Working data Start Marker

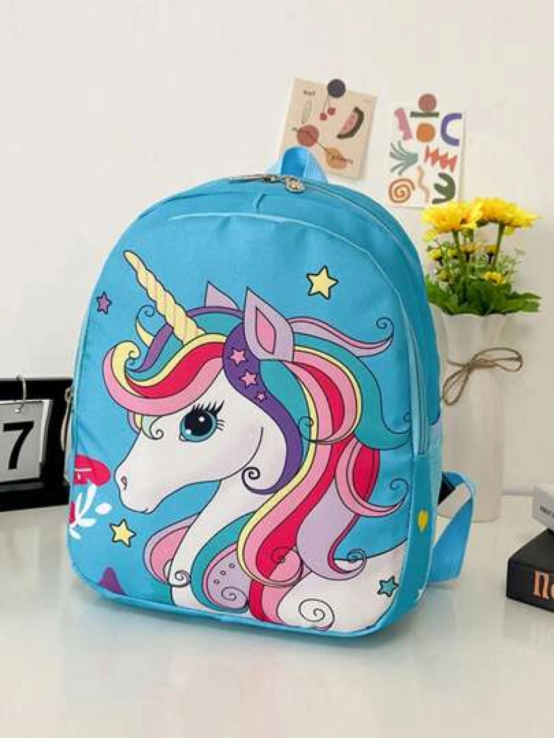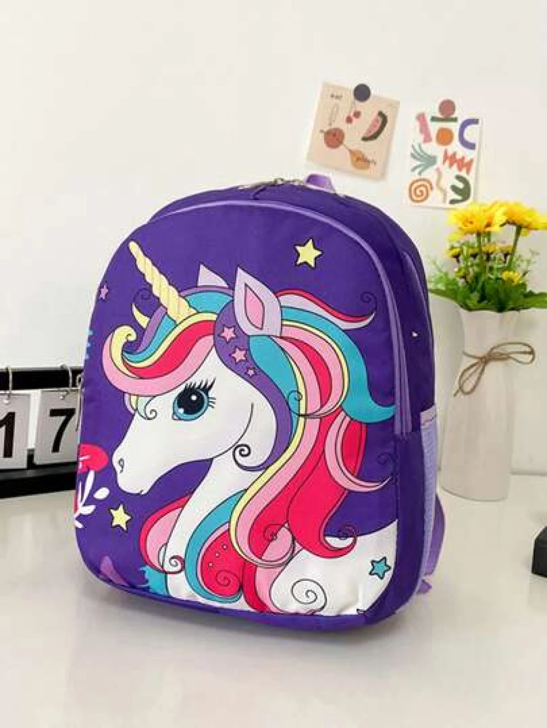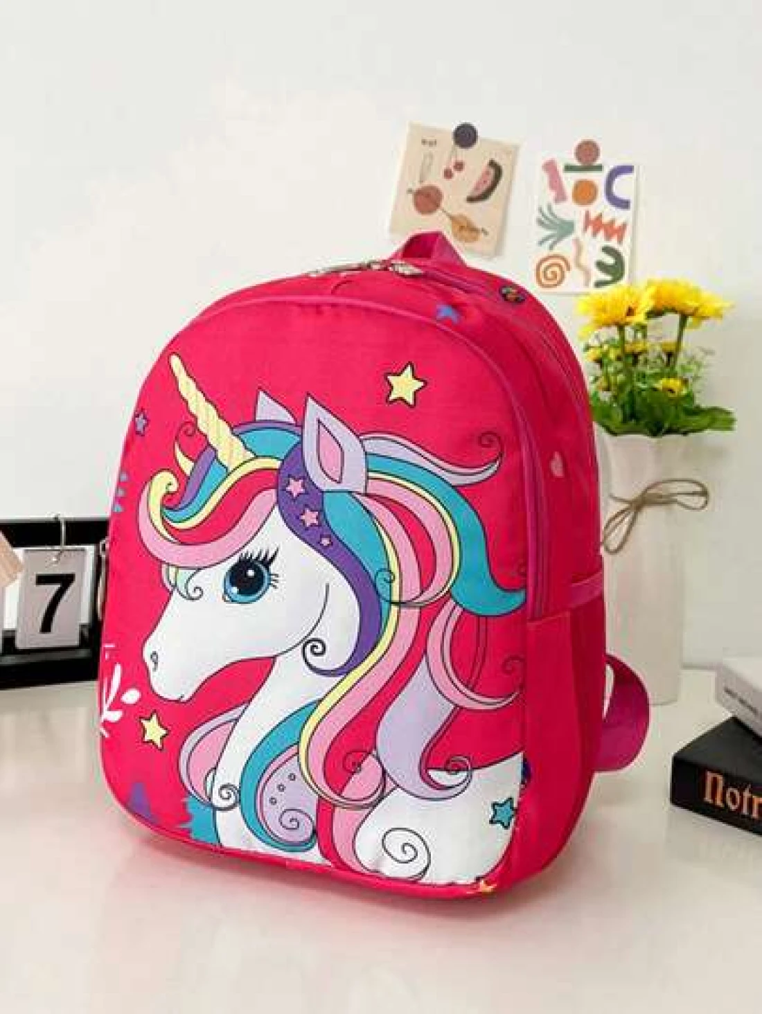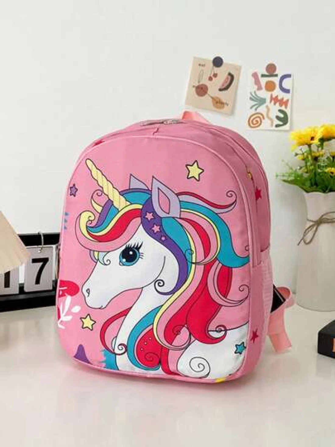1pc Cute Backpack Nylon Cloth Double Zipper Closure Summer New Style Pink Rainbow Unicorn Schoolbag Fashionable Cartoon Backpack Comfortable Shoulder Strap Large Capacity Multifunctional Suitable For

Working data End Marker
Working data Start Marker

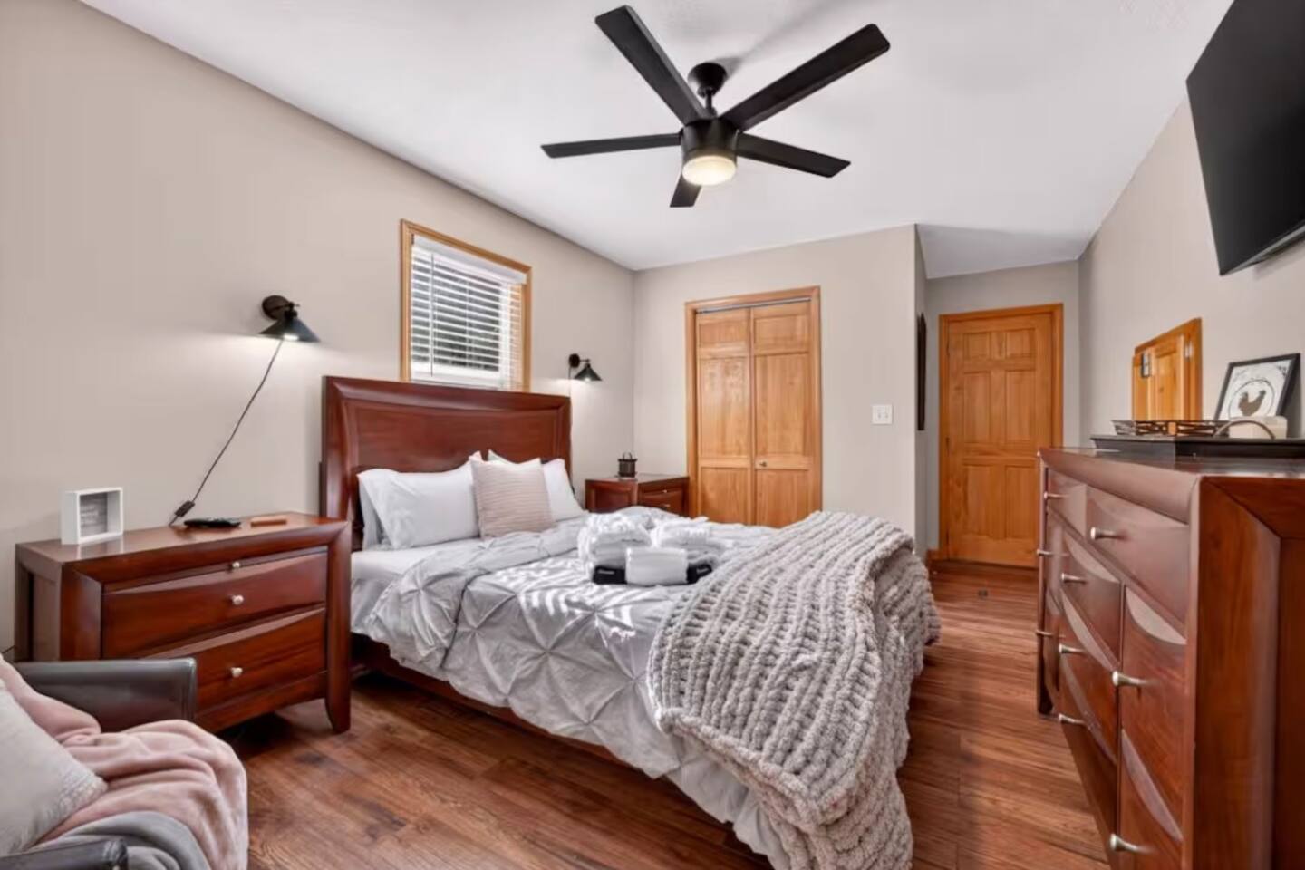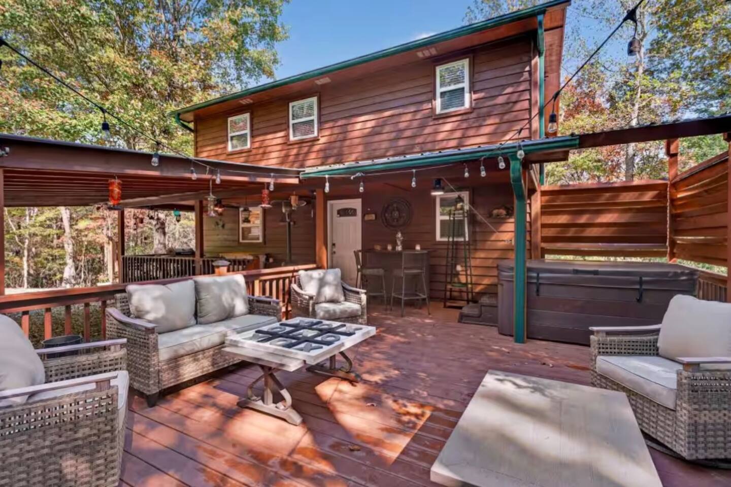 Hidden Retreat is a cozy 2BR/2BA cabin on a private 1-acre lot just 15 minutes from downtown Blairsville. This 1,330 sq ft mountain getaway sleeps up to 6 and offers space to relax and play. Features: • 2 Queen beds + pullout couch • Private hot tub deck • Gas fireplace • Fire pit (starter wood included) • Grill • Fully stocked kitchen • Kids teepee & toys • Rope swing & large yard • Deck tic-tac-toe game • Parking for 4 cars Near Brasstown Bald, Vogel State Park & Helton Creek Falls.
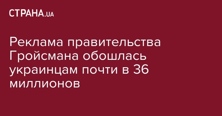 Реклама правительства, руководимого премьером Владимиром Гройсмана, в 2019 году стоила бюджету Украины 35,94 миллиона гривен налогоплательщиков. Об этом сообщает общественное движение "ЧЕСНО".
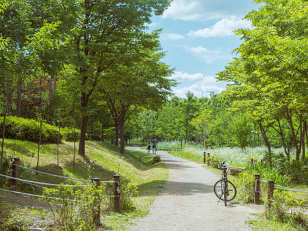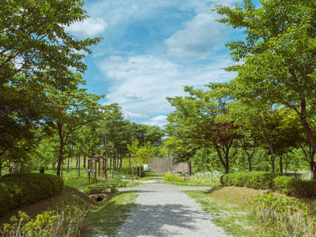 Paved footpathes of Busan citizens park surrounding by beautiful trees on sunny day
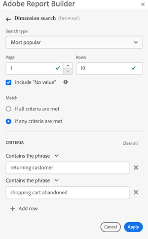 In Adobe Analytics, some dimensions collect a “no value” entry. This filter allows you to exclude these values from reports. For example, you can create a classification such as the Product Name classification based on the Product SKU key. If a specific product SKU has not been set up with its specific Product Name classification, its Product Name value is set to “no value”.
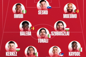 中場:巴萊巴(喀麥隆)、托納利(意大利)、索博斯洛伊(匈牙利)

Working data End Marker

-- Required action --
Would you transcribe the lines above exactly, going from the line bearing "In Adobe Analytics, some" through the line bearing "中場:巴萊巴(喀麥隆)、托納利(意大利)、索博斯洛伊(匈牙利)", and drop the pictures from the copy?

-- Result of this task --
 In Adobe Analytics, some dimensions collect a “no value” entry. This filter allows you to exclude these values from reports. For example, you can create a classification such as the Product Name classification based on the Product SKU key. If a specific product SKU has not been set up with its specific Product Name classification, its Product Name value is set to “no value”.
 中場:巴萊巴(喀麥隆)、托納利(意大利)、索博斯洛伊(匈牙利)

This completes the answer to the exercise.